My Special K story is from England. In the late 1990s, my husband and I were there for several months due to his job assignment. I’m not a huge fan of cooked breakfasts, and they certainly didn’t have grits or biscuits and gravy so while we were at the Sir Christopher Wren House Hotel in Windsor, I always ate at the cereal buffet.
There was one particular cereal there that I just loved. One day I asked the waiter what it was. He must have thought I was crazy. He said “Special K”.
Here was an American, in England, asking a Balkan waiter to identify an American cereal for her.
Which reminds me of another cereal story. When I was a child, we usually had a cooked breakfast, but also had cold cereal on hand. Now I can’t remember which kind it was (probably Wheaties or Cheerios), but they always had really neat toys and things to cut out on the back panel. Well, my brother and sister and I didn’t like that cereal but we always wanted the “free” stuff. We’d talk my mother into buying it, dig the toy out, then we wouldn’t eat it. She probably ended up eating it herself or putting it in meatloaf or something, but it was a real sore spot with her and understandably so.

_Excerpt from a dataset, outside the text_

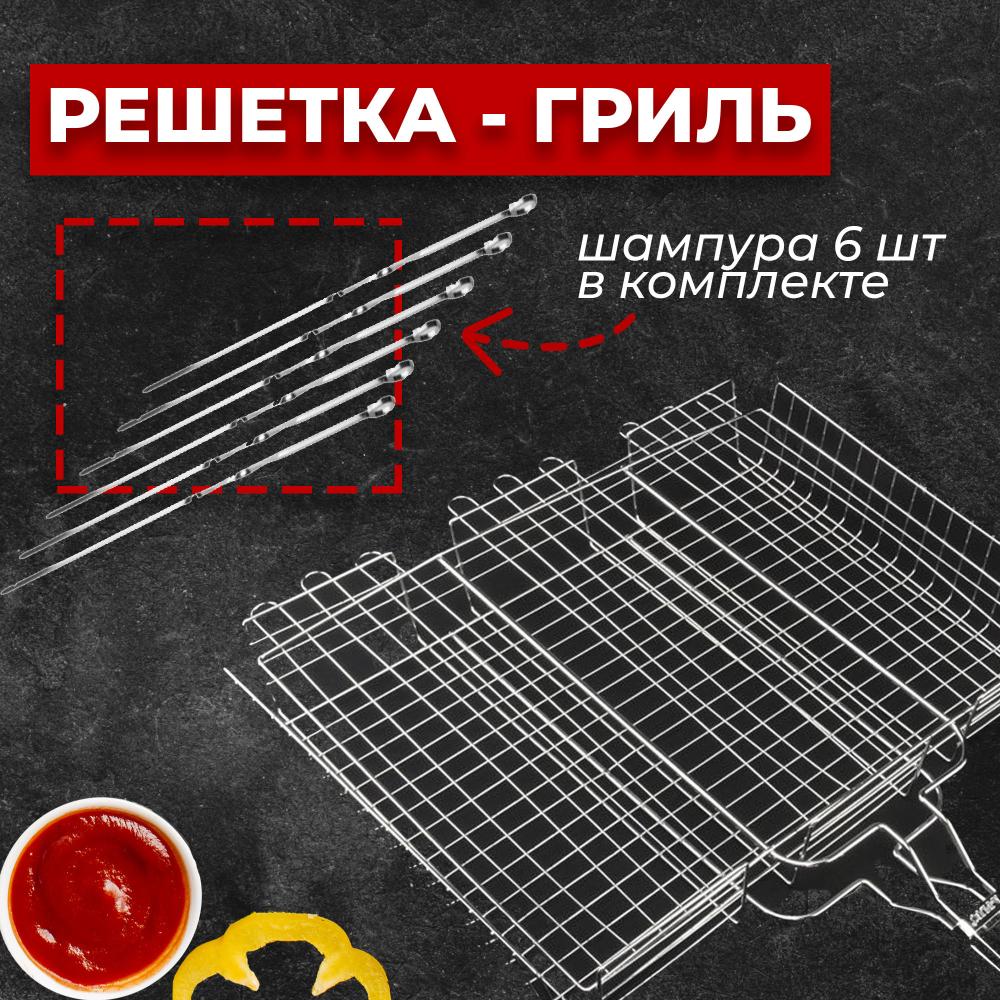 Набор для барбекю Решетка глубокая 33х25х60 см + Шампура 6 штук 60х0,7 см/нерж/ 5820 /уп 24/АКЦИЯ

By the time I was about 10, I wouldn’t eat hardly anything. It drove my mother to distraction trying to figure out something that I would eat besides potatoes, Campbell’s Vegetable Soup and sunflower seeds. Oh, occasionally I’d eat one of her hamburgers (but never at a hamburger stand), or canned chow mein or a peanut butter sandwich or a grilled cheese (my mother called them “toasted cheese”). And vegetables – I’d eat most of them. And I was pretty skinny. Even my 8th grade teacher, Mr. Lewis, called me “Crane”.
Anyway, by then, Mama would buy about anything she thought I’d eat. So I had CocoPuffs and Sugar Frosted Flakes and Lucky Charms (are you getting the sugar drift here?) and Toast ‘Em Pop Ups, etc. Sadly for her, by the time I was in high school, I’d stop at my dad’s store every morning and get a bottle of 7-Up; a half bottle was my breakfast. I don’t think I ever told her that I’d go to a doughnut store for lunch. This could explain all those silver fillings in my mouth.
Skip ahead a few years to when our sons were small. I made my own granola and if I bought any cereal it was not sugary; it had to be healthy and cheap – which severely limits the field. Once when my parents were visiting, we went to the grocery store. Our older son asked me to get… I don’t know… Count Chocula or something… and I said that I wasn’t going to buy that sugary cereal.
My mother almost fell on the floor in shock. She said “Well, I always bought it for you!”
And it’s true – she did buy it for me.